Faculty of New Sciences and Technologies, University of Tehran, Tehran, Iran.
Faculty of New Sciences and Technologies, University of Tehran, Tehran, Iran; Max Planck Institute of Molecular Plant Physiology, Posdam, Germany.
J Biomed Inform. 2019 Jun;94:103180. doi: 10.1016/j.jbi.2019.103180. Epub 2019 Apr 27.
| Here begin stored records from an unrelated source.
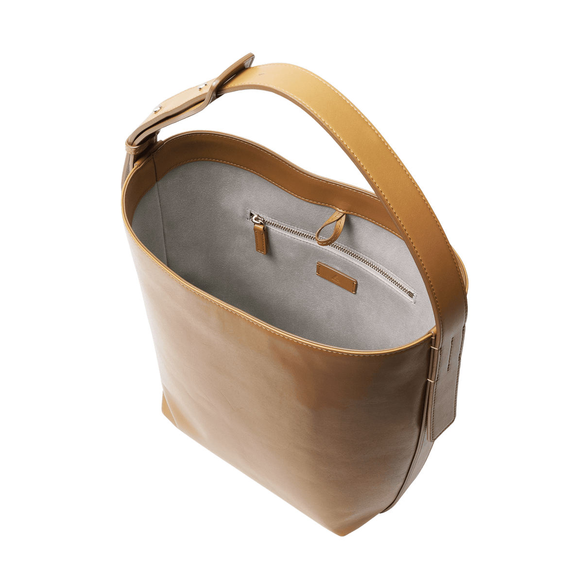 Make a statement with this fashion forward High-Gloss Leather: Our special "High-Gloss Leather” is made by our own unique combination of tanning and leather ironing techniques, resulting in a super smooth, high-shine leather that works beautifully in soft-yet-structured designs, like this Medium Bucket Tote.
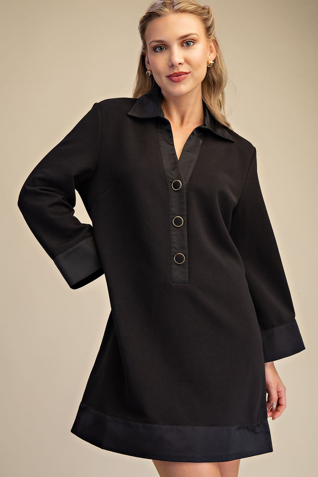 Collar Neck Long Sleeve Mini Dress in Burgundy
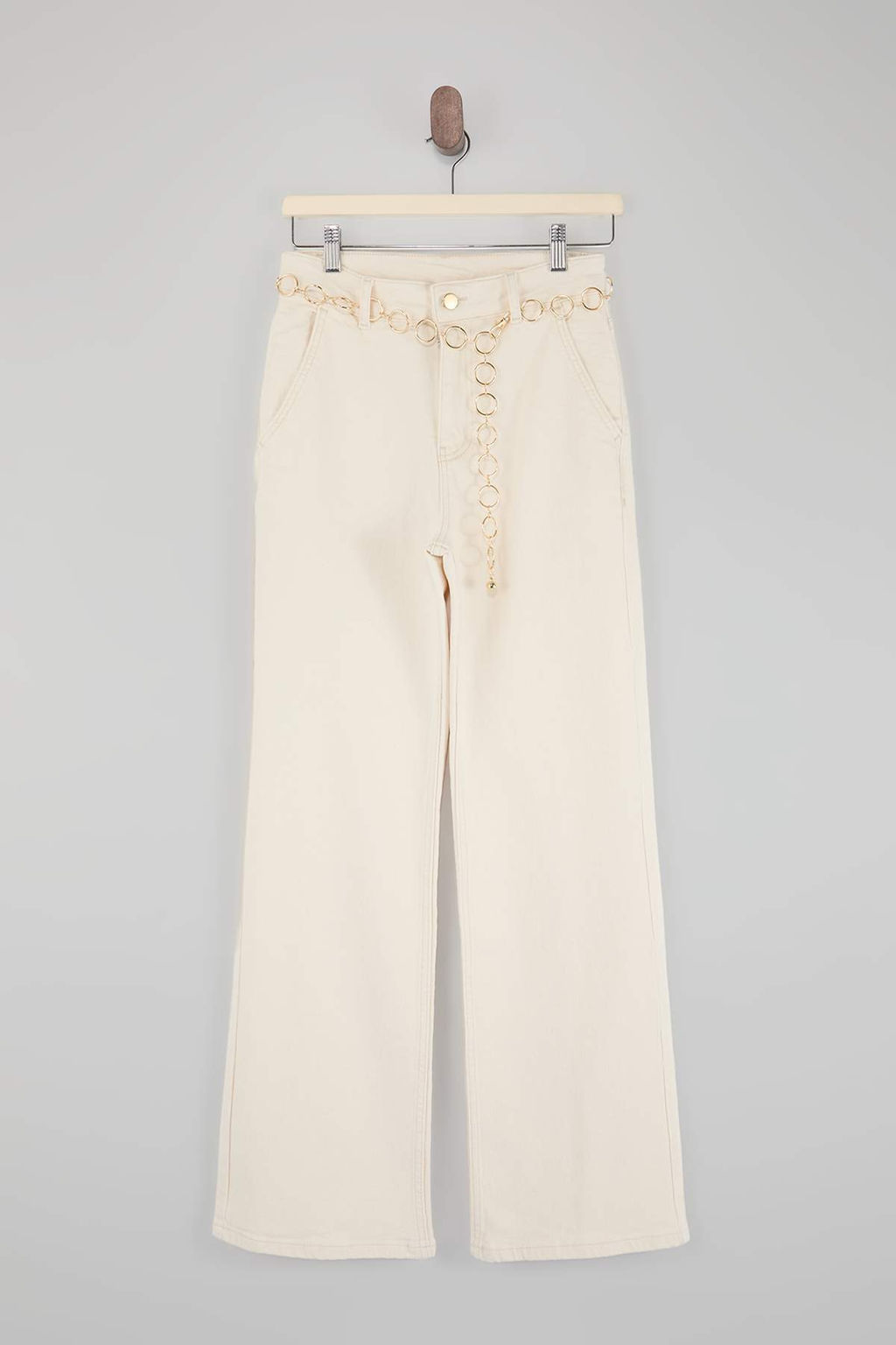 Ekru Zincir Kemer Detayl? Yuksek Bel Az Esnek Wide Leg Jeans TWOSS26JE00186

In recent studies, non-coding protein RNAs have been identified as microRNA that can be used as biomarkers for early diagnosis and treatment of cancer, that decrease mortality in cancer. A microRNA may target hundreds or thousands of genes and a gene may regulate several microRNAs, so determining which microRNA is associated with which cancer is a big challenge. Many computational methods have been performed to detect micoRNAs association with cancer, but more effort is needed with higher accuracy. Increasing research has shown that relationship between microRNAs and TFs play a significant role in the diagnosis of cancer. Therefore, we developed a new computational framework (CAMIRADA) to identify cancer-related microRNAs based on the relationship between microRNAs and disease genes (DG) in the protein network, the functional relationships between microRNAs and Transcription Factors (TF) on the co-expression network, and the relationship between microRNAs and the Differential Expression Gene (DEG) on co-expression network. The CAMIRADA was applied to assess breast cancer data from two HMDD and miR2Disease databases. In this study, the AUC for the 65 microRNAs of the top of the list was 0.95, which was more accurate than the similar methods used to detect microRNAs associated with the cancer artery.
在最近的研究中,已经确定了非编码蛋白质 RNA 作为 microRNA,可以用作癌症早期诊断和治疗的生物标志物,降低癌症死亡率。一个 microRNA 可能靶向数百个或数千个基因,一个基因可能调节几个 microRNAs,因此确定哪些 microRNA 与哪种癌症相关是一个巨大的挑战。已经有许多计算方法被用于检测与癌症相关的 microRNAs,但需要更高的准确性来进行更多的努力。越来越多的研究表明,microRNAs 与 TF 之间的关系在癌症的诊断中起着重要作用。因此,我们开发了一种新的计算框架(CAMIRADA),基于蛋白质网络中 microRNAs 与疾病基因(DG)之间的关系、共表达网络中 microRNAs 与转录因子(TF)之间的功能关系以及共表达网络中 microRNAs 与差异表达基因(DEG)之间的关系,来识别与癌症相关的 microRNAs。CAMIRADA 被应用于从两个 HMDD 和 miR2Disease 数据库评估乳腺癌数据。在这项研究中,列表顶部的 65 个 microRNAs 的 AUC 为 0.95,比用于检测与癌症相关的 microRNAs 的类似方法更准确。